◆ WHAT THE TASK ASKS:
The lines from the beginning of the records below through the one holding "Vintage 1950s Pyrex" are to be copied exactly; leave the pictures out.

◆ AVAILABLE RECORDS:
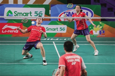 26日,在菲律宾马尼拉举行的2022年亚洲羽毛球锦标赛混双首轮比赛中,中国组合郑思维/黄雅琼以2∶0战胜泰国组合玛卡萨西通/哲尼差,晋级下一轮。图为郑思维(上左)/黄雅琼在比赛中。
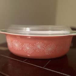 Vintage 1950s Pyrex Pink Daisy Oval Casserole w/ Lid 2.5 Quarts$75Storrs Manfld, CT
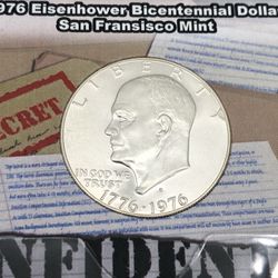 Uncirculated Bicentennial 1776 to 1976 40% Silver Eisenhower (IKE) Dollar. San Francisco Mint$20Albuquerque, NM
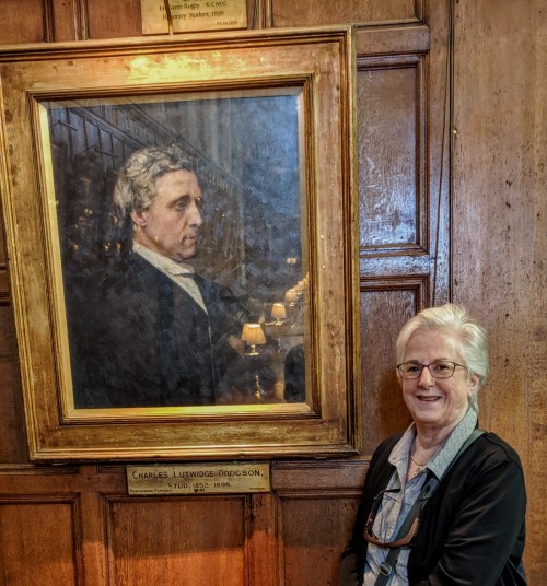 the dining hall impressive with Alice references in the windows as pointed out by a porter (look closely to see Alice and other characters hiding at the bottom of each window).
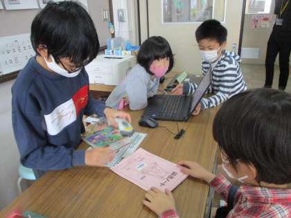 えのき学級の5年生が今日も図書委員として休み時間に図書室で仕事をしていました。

◆ EXPECTED OUTPUT:
 26日,在菲律宾马尼拉举行的2022年亚洲羽毛球锦标赛混双首轮比赛中,中国组合郑思维/黄雅琼以2∶0战胜泰国组合玛卡萨西通/哲尼差,晋级下一轮。图为郑思维(上左)/黄雅琼在比赛中。
 Vintage 1950s Pyrex Pink Daisy Oval Casserole w/ Lid 2.5 Quarts$75Storrs Manfld, CT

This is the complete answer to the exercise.